How to change the code so that no zombie process remains?

Raymond Hettinger
  • 216,523
  • 63
  • 388
  • 485
Alex
  • 41,580
  • 88
  • 260
  • 469
  • [Similar question](http://stackoverflow.com/questions/2760652/how-to-kill-or-avoid-zombie-processes-with-subprocess-module), this one using the [`subprocess`](https://docs.python.org/3/library/subprocess.html) module instead of trying to manage child threads directly. – Matthew Cole Mar 29 '17 at 19:24
  • Are these indeed [zombies](https://en.wikipedia.org/wiki/Zombie_process), that is, processes in terminated state? Maybe they are alive, just lost the parent process? – 9000 Mar 29 '17 at 19:35
  • 2
    This is a [duplicate of this question](https://stackoverflow.com/questions/18090230/forking-python-defunct-child) – user2722968 Mar 29 '17 at 19:42
  • 1
    Possible duplicate of [Forking python, defunct child](http://stackoverflow.com/questions/18090230/forking-python-defunct-child) – 9000 Mar 29 '17 at 20:40

2 Answers2

4

The usual technique is to track all the child pids so that they can be killed when the main process exits or whenever you want the children to be cleaned-up.

You can periodically poll and reap processes as needed or wait until you're about to exit.

For an example of how to do this, look at the collect_children() code in the ForkingMixin for the SocketServer module.

The os module has a number of tools for managing the subprocesses like os.wait() and os.kill.

I don't know whether it fits your problem or not, but a multiprocessing.Pool() may be of some help. It automatically manages a pool of subprocesses and reuses them for future tasks. It is mainly helpful when there is only limited data exchange between the processes and whether the work is relatively homogenous (all the child processes are doing the same kind of work).

Raymond Hettinger
  • 216,523
  • 63
  • 388
  • 485
  • But the main process runs a very long time – Alex Mar 29 '17 at 19:26
  • Yes, maybe this is a suitable way. Whenever a new child is created, the old one gets destroyed. Not really nice, but at least I won't end up with hundreds of zombie processes... – Alex Mar 29 '17 at 19:29
  • @Alex I think this is just part of the "facts of life" when creating child processes. They need to be tracked and no other tool can automatically know what you want to do with them. – Raymond Hettinger Mar 29 '17 at 19:34
0

When a process exits, it remains in the process table until something reads its return code. Assuming this is linux, you could make it a daemon and have the init process deal with it. But you could also just call os.waitpid yourself. Here is an example of a class that waits for pids in the background. Its nice becaue it keeps your program from exiting until its fully tidied itself up.
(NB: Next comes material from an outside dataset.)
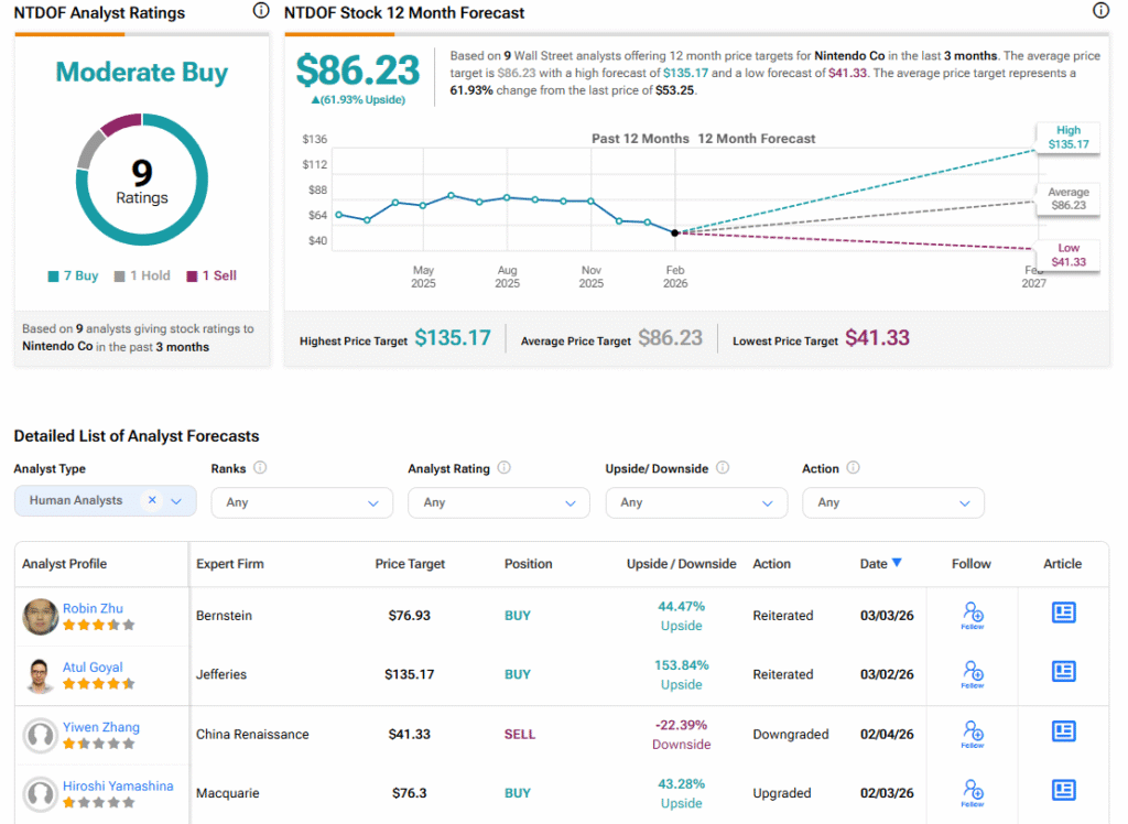 Turning to Wall Street, the analysts’ consensus rating for Nintendo is Moderate Buy, based on seven Buy, one Hold, and a single Sell rating over the past three months. With that comes an average NTDOF stock price target of $86.23, representing a potential 61.93% upside for the shares.

You could expand it to do things like sending kill signals to child processes, logging results, and etc.

import threading
import queue
import os
import time

class ZombieKiller(threading.Thread):
    """Okay, really its just a zombie waiter, but where's the fun in that?
    """
    def __init__(self):
        super().__init__()
        self.pid_q = queue.Queue()
        self.start()

    def run(self):
        while True:
            pid = self.pid_q.get()
            if pid is None:
                return
            print(pid, 'wait')
            os.waitpid(pid, 0)
            print(pid, 'wait done')

    def cull_zombie(self, pid):
        self.pid_q.put(pid)

    def close(self):
        self.pid_q.put(None)
        self.join()

def test():
    zombie_killer = ZombieKiller()
    for i in range(3):
        pid = os.fork()
        if pid == 0:
            # child
            time.sleep(5)
            print(os.getpid(), 'work done')
            exit()
        else:
            # parent
            zombie_killer.cull_zombie(pid)
    zombie_killer.close()
    print('test complete')


test()
tdelaney
  • 73,364
  • 6
  • 83
  • 116